Work to be completed: Word for word, copy the data that follows and skip its pictures.

+++ Exercise data +++

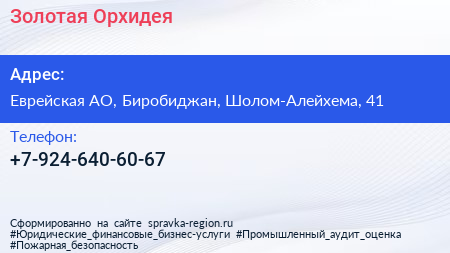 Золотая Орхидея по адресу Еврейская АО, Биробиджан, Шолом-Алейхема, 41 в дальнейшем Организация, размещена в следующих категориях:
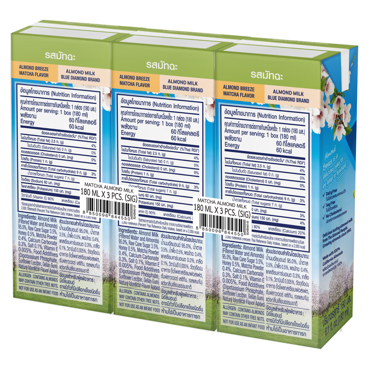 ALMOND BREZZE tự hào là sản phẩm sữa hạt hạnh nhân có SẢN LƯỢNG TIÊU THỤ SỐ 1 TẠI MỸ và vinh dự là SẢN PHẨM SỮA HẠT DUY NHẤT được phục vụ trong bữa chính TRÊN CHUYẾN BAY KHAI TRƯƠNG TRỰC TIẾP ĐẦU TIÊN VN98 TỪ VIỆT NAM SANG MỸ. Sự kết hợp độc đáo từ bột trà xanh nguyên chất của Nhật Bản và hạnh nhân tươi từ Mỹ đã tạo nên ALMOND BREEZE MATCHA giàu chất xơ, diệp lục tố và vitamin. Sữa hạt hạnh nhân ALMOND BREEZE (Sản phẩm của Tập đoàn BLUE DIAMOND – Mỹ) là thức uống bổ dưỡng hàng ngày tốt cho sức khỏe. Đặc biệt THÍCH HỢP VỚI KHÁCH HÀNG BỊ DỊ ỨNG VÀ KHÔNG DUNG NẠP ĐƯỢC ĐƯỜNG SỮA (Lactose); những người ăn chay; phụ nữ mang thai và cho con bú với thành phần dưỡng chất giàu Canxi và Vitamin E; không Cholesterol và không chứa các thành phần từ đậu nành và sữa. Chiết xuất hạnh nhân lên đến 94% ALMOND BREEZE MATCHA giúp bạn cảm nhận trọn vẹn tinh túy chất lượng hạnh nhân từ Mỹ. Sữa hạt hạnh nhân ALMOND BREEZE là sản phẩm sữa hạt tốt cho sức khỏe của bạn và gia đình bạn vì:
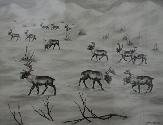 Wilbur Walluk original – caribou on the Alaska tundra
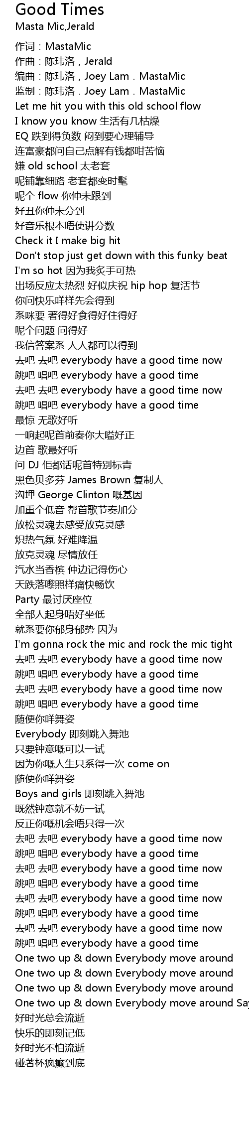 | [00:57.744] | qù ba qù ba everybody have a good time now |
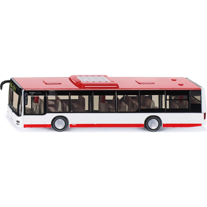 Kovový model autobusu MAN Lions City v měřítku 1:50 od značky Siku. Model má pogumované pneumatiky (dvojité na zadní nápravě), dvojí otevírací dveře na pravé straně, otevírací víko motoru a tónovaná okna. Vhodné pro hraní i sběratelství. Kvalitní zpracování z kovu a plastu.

+++

Answer to the exercise:
 Золотая Орхидея по адресу Еврейская АО, Биробиджан, Шолом-Алейхема, 41 в дальнейшем Организация, размещена в следующих категориях:
 ALMOND BREZZE tự hào là sản phẩm sữa hạt hạnh nhân có SẢN LƯỢNG TIÊU THỤ SỐ 1 TẠI MỸ và vinh dự là SẢN PHẨM SỮA HẠT DUY NHẤT được phục vụ trong bữa chính TRÊN CHUYẾN BAY KHAI TRƯƠNG TRỰC TIẾP ĐẦU TIÊN VN98 TỪ VIỆT NAM SANG MỸ. Sự kết hợp độc đáo từ bột trà xanh nguyên chất của Nhật Bản và hạnh nhân tươi từ Mỹ đã tạo nên ALMOND BREEZE MATCHA giàu chất xơ, diệp lục tố và vitamin. Sữa hạt hạnh nhân ALMOND BREEZE (Sản phẩm của Tập đoàn BLUE DIAMOND – Mỹ) là thức uống bổ dưỡng hàng ngày tốt cho sức khỏe. Đặc biệt THÍCH HỢP VỚI KHÁCH HÀNG BỊ DỊ ỨNG VÀ KHÔNG DUNG NẠP ĐƯỢC ĐƯỜNG SỮA (Lactose); những người ăn chay; phụ nữ mang thai và cho con bú với thành phần dưỡng chất giàu Canxi và Vitamin E; không Cholesterol và không chứa các thành phần từ đậu nành và sữa. Chiết xuất hạnh nhân lên đến 94% ALMOND BREEZE MATCHA giúp bạn cảm nhận trọn vẹn tinh túy chất lượng hạnh nhân từ Mỹ. Sữa hạt hạnh nhân ALMOND BREEZE là sản phẩm sữa hạt tốt cho sức khỏe của bạn và gia đình bạn vì:
 Wilbur Walluk original – caribou on the Alaska tundra
 | [00:57.744] | qù ba qù ba everybody have a good time now |
 Kovový model autobusu MAN Lions City v měřítku 1:50 od značky Siku. Model má pogumované pneumatiky (dvojité na zadní nápravě), dvojí otevírací dveře na pravé straně, otevírací víko motoru a tónovaná okna. Vhodné pro hraní i sběratelství. Kvalitní zpracování z kovu a plastu.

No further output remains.